Personal information
- Full name: Hernán Córdoba Rentería
- Date of birth: 2 November 1989
- Place of birth: Palmira, Colombia
- Date of death: 20 September 2009 (aged 19)
- Place of death: Rivera, Colombia
- Height: 1.70 m (5 ft 7 in)
- Position: Striker

Youth career
- Olimpia Fútbol Club de Palmira

Senior career*
- Years: Team / Apps / (Gls)
- 2006–2009: Deportivo Cali / 73 / (13)
- 2007: → Córdoba (loan) / 2 / (1)
- 2009: Atlético Huila / 9 / (7)

International career
- 2007: Colombia U-17 / 7 / (0)
- 2009: Colombia U-20 / 5 / (0)

= Hernan Córdoba =

Colombian footballer (1989-2009)

Hernán Córdoba Rentería (2 November 1989 – 20 September 2009) was a Colombian footballer who played as a striker or attacking midfielder for Atlético Huila in the Categoría Primera A.

== Club career ==
Córdoba began his career with Olimpia Fútbol Club de Palmira and in 2006 was scouted by Deportivo Cali, then in January 2007 he joined Córdoba on a short-loan, returning to Cali in July 2007. After a few years with Deportivo Cali, he joined Atlético Huila in January 2009 and in summer 2009, because of his great performances, was linked with SV Werder Bremen. He played his last match for Huila in a 2–1 victory against Deportivo Pereira on 19 September 2009.
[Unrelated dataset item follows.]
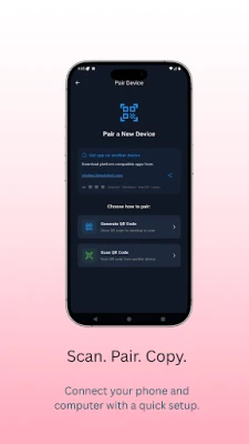 Pair with your desktop app or Chrome extension. Simple QR code scan.

== International career ==
Córdoba was a member of the Colombia national football team at Under-17 and Under-20 level.

== Death ==
On 20 September 2009, while returning to the city of Neiva after a victory against Deportivo Pereira along with his teammate Mario Beltrán, Renteria along with his teammate were involved in a car accident with a bus, and died immediately on impact.

== Personal ==
Herman was the brother of footballer Giovanni Córdoba who died in 2002 after being hit by a lightning strike during a training session.